• _PROBLEM TO SOLVE_
The range to repeat runs from the line with "Em comemoração ao" to the last line below, both ends included; give it exactly and without pictures.

RECORDS FOR THE TASK START

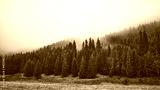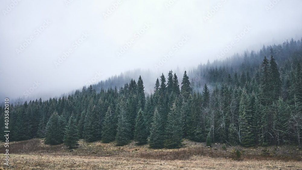 Dark foggy mountain landscape on a rainy day, color toning applied.
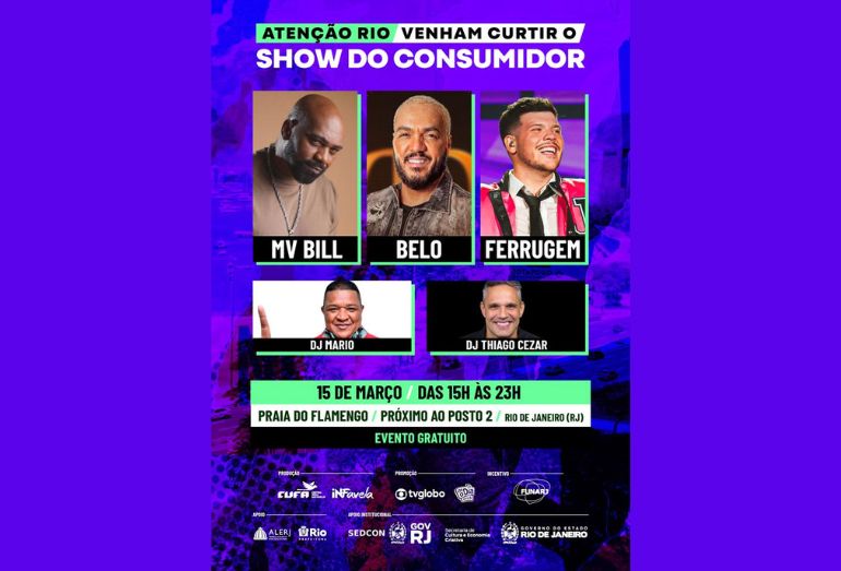Em comemoração ao Dia do Consumidor, celebrado no próximo sábado, 15 de março, a Central Única das Favelas (CUFA) e a InFavela promovem, com apoio da Assembleia Legislativa do Estado do Rio de Janeiro (ALERJ) e da Prefeitura do Rio, o “Show do Consumidor”, a partir das 15h, na Praia do Flamengo.
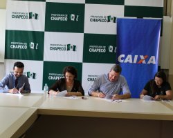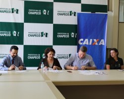 Chapecó, 30/11/2018, sexta-feira - Um trabalho social no Loteamento Expoente (que possui 470 unidades, no âmbito do Programa Minha Casa Minha Vida) será realizado através de parceria entre a Prefeitura de Chapecó e a Caixa Econômica Federal, com recursos de R$ 239.397,46 (duzentos e trinta e nove mil, trezentos e noventa e sete reais e quarenta e seis centavos) oriundos de recursos do Fundo de Arrendamento Residencial (FAR). A assinatura do Convênio para Execução do Trabalho Social foi realizada nesta sexta-feira (30) e contou com a participação de moradores, representantes da Caixa e Prefeitura.
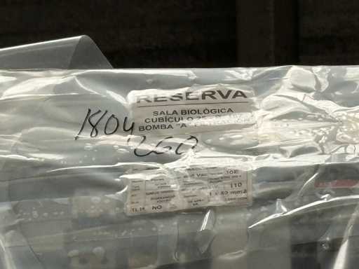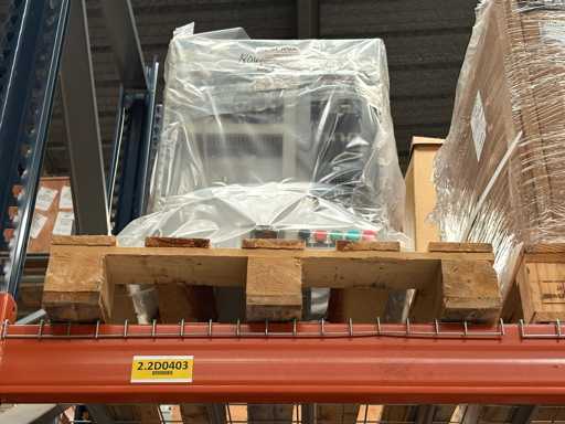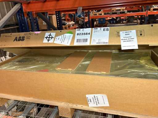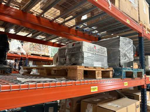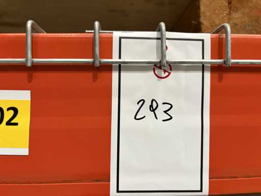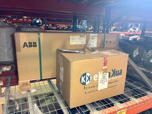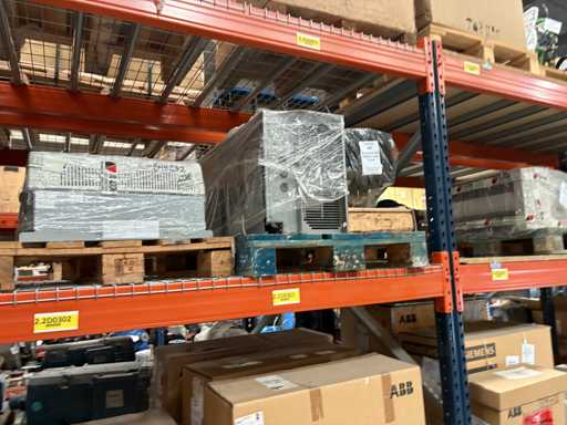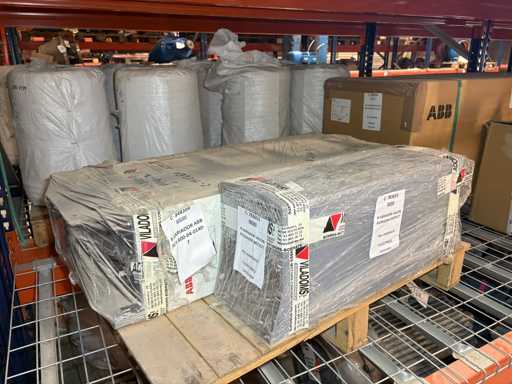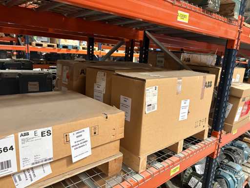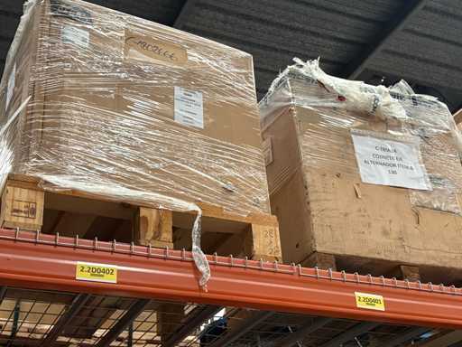 - Shelving not included: Only the spare parts and materials visible on the shelf marked in red in the first photograph are delivered. The metal structure is not part of the lot.
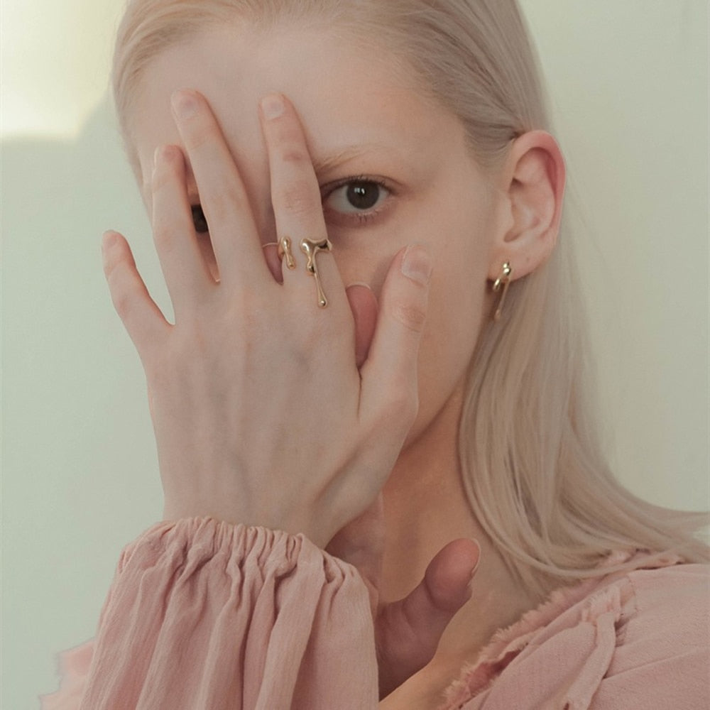 Lloise Dripping Liquid Rings - Gold or Silver. Stylish dripping liquid metal look rings. Minimalist simple yet unique moving image of liquid gold or silver is so cool to look at and sure to gather complement. Adjustable size. Gold or Silver.
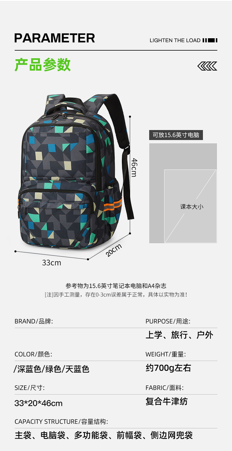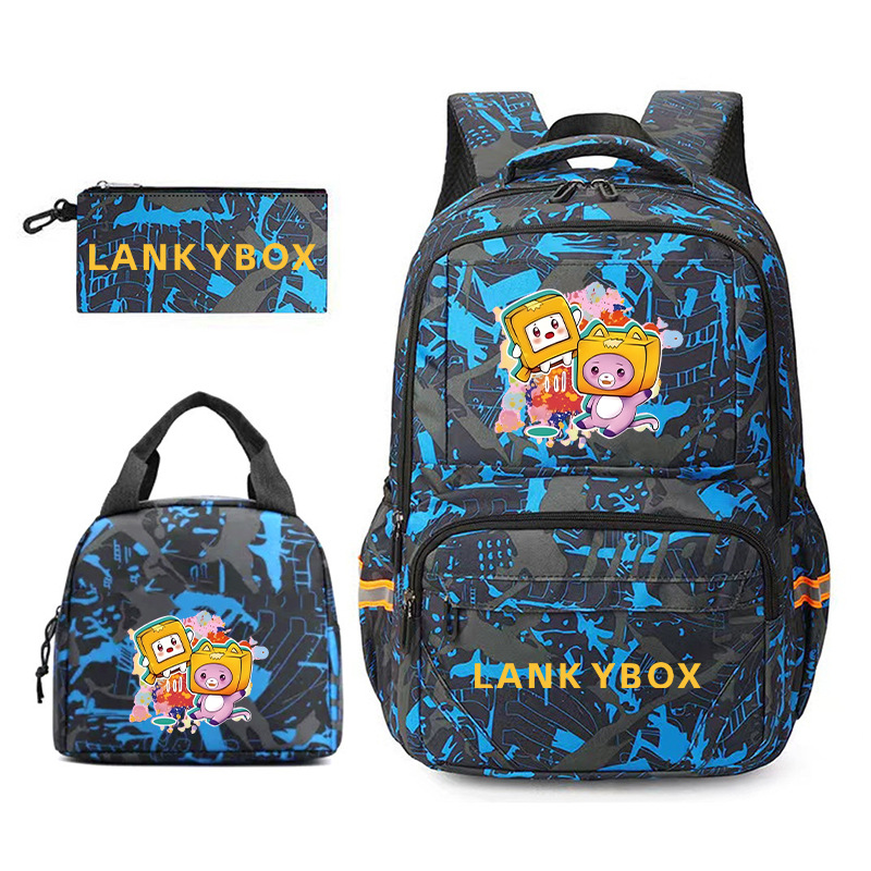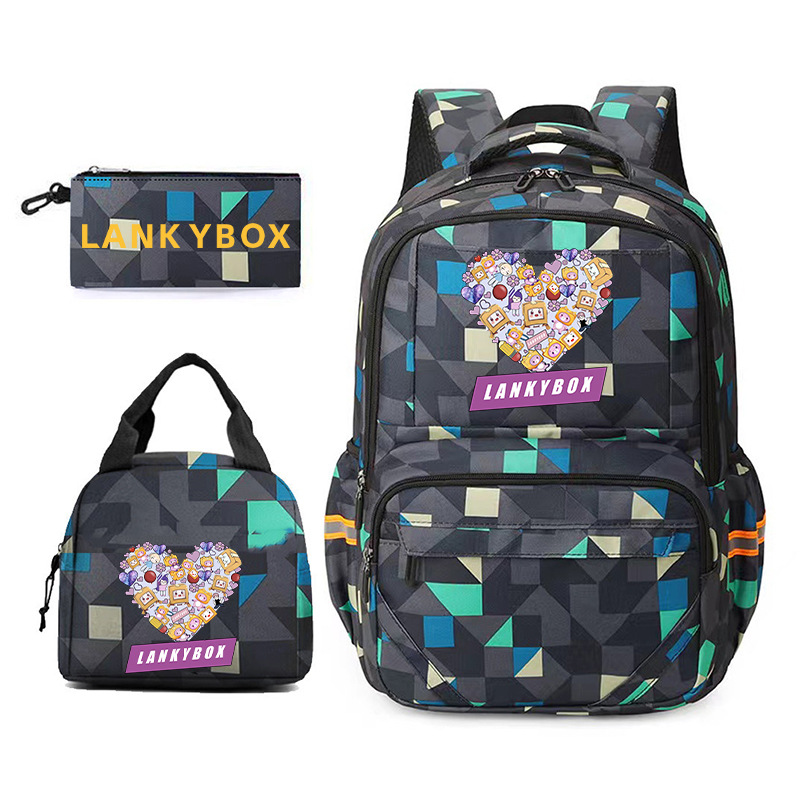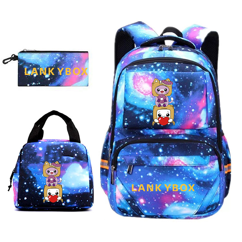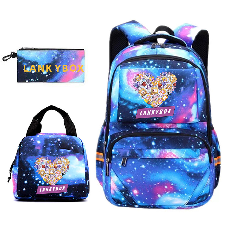 Lankybox 대용량 학교 가방 소녀의 십대 인쇄 학교 가방 3 종 세트

RECORDS FOR THE TASK END

• _WRITTEN REPLY_
Em comemoração ao Dia do Consumidor, celebrado no próximo sábado, 15 de março, a Central Única das Favelas (CUFA) e a InFavela promovem, com apoio da Assembleia Legislativa do Estado do Rio de Janeiro (ALERJ) e da Prefeitura do Rio, o “Show do Consumidor”, a partir das 15h, na Praia do Flamengo.
 Chapecó, 30/11/2018, sexta-feira - Um trabalho social no Loteamento Expoente (que possui 470 unidades, no âmbito do Programa Minha Casa Minha Vida) será realizado através de parceria entre a Prefeitura de Chapecó e a Caixa Econômica Federal, com recursos de R$ 239.397,46 (duzentos e trinta e nove mil, trezentos e noventa e sete reais e quarenta e seis centavos) oriundos de recursos do Fundo de Arrendamento Residencial (FAR). A assinatura do Convênio para Execução do Trabalho Social foi realizada nesta sexta-feira (30) e contou com a participação de moradores, representantes da Caixa e Prefeitura.
 - Shelving not included: Only the spare parts and materials visible on the shelf marked in red in the first photograph are delivered. The metal structure is not part of the lot.
 Lloise Dripping Liquid Rings - Gold or Silver. Stylish dripping liquid metal look rings. Minimalist simple yet unique moving image of liquid gold or silver is so cool to look at and sure to gather complement. Adjustable size. Gold or Silver.
 Lankybox 대용량 학교 가방 소녀의 십대 인쇄 학교 가방 3 종 세트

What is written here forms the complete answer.